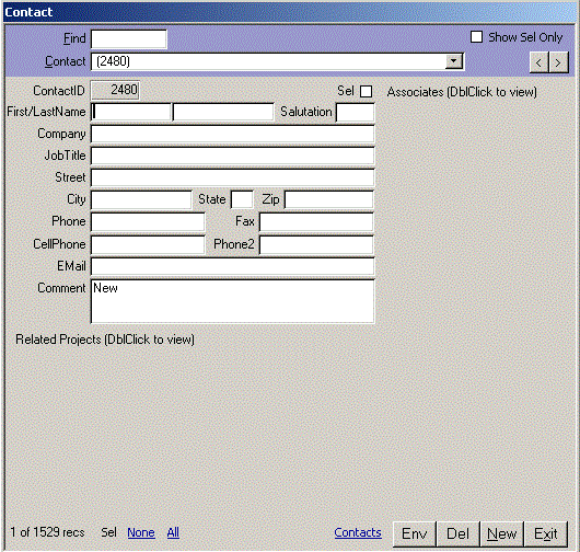 In the lower left, above your Start button, is status bar text that says: Find in ~ FirstName ~ LastName ~ Company ~ JobTitle ~ Street ~ City ~ Zip ~ Phone ~ Fax ~ EMail ~ Comment ~. Use the tilde ~ to separate multiple fields or mark the start or end of a field and reduce false hits. Projects related to this contact are shown below the Comments field. Click Contacts at the bottom of the form to open the Contacts form. Click the blue link at the top of the field (ContactID, Last Name, Job Title, Company, Street, City, State, Zip or Phone) to sort by that column. Click the link again to sort descending. |
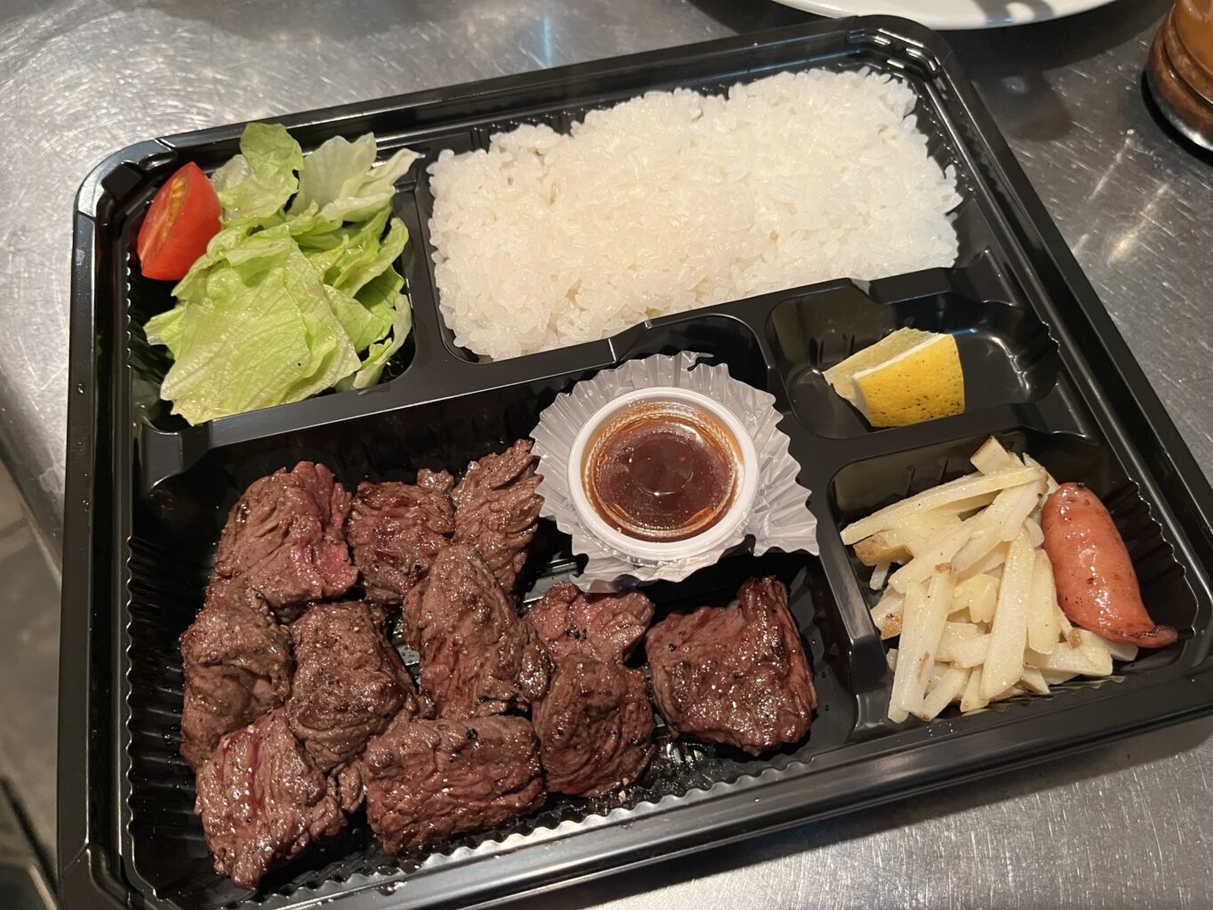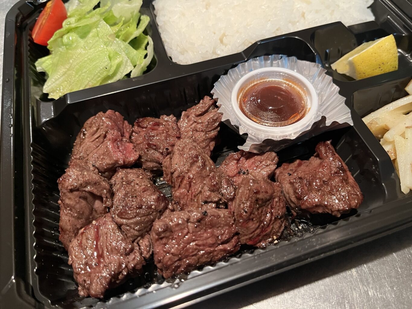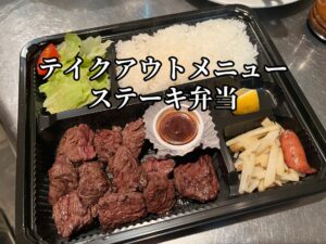 こちらは、炭焼きステーキ弁当 テイクアウトメニューはディナータイムのみやってます。
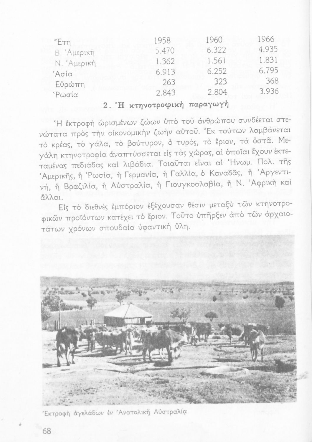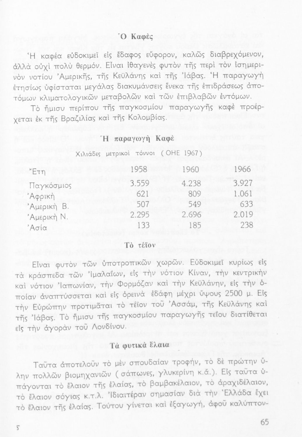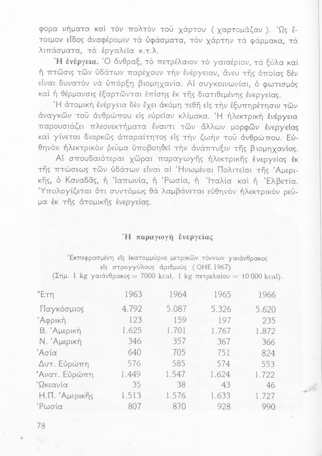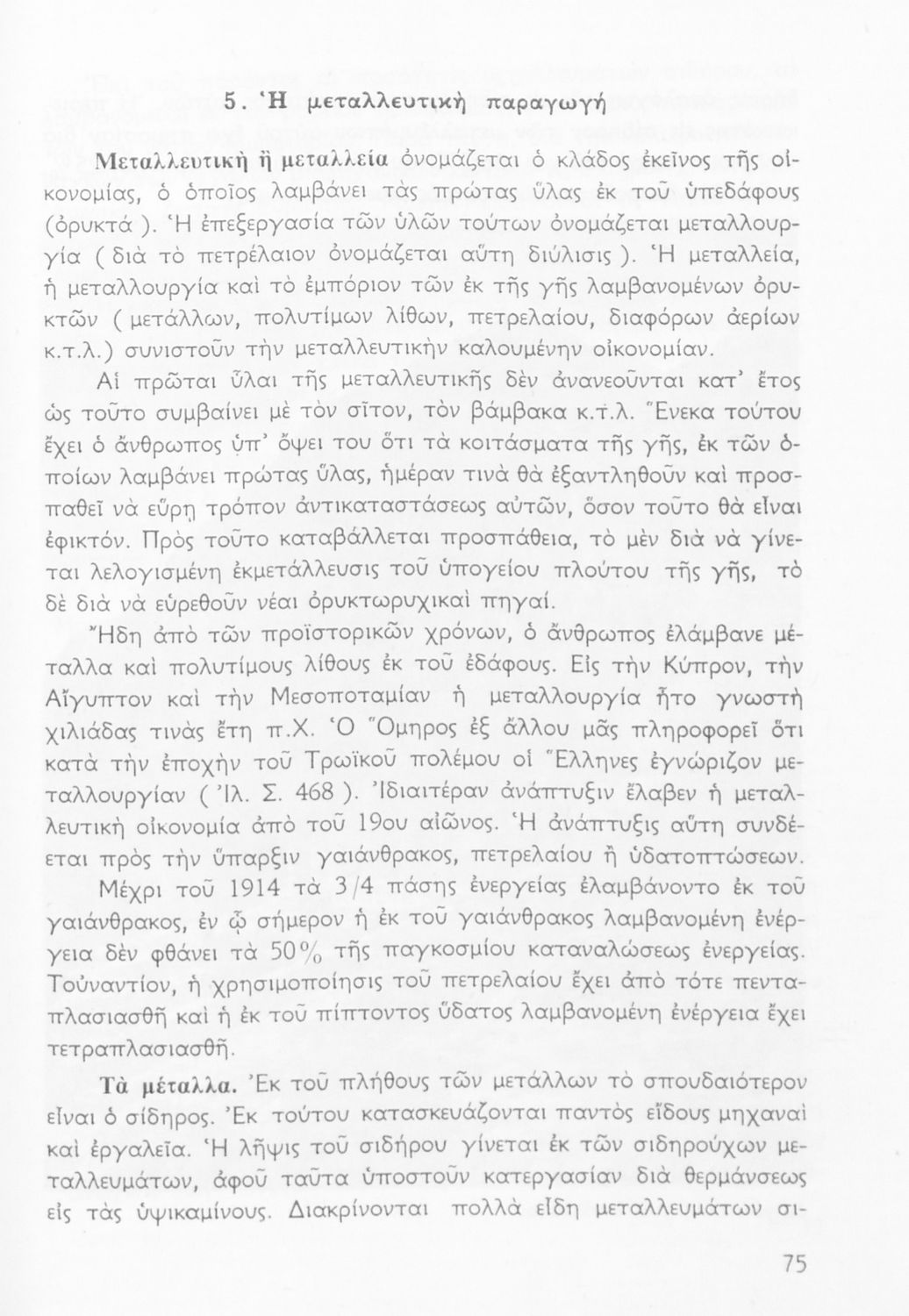 Σχολικό εγχειρίδιο Γεωγραφίας Ε' Γυμνασίου που περιλαμβάνει εισαγωγή στην ανθρωπογεωγραφία και εστιάζει στην οικονομική παραγωγή της Ελλάδας και τη σχέση της με την ΕΟΚ. Περιέχει ειδική αναφορά στα "οικονομικά

☆ ☆ ☆ ☆ ☆

The output consists of exactly the lines from the one containing "こちらは、炭焼きステーキ弁当" through the last line of the listing, both included, with no pictures.

* _Reply_
 こちらは、炭焼きステーキ弁当 テイクアウトメニューはディナータイムのみやってます。
 Σχολικό εγχειρίδιο Γεωγραφίας Ε' Γυμνασίου που περιλαμβάνει εισαγωγή στην ανθρωπογεωγραφία και εστιάζει στην οικονομική παραγωγή της Ελλάδας και τη σχέση της με την ΕΟΚ. Περιέχει ειδική αναφορά στα "οικονομικά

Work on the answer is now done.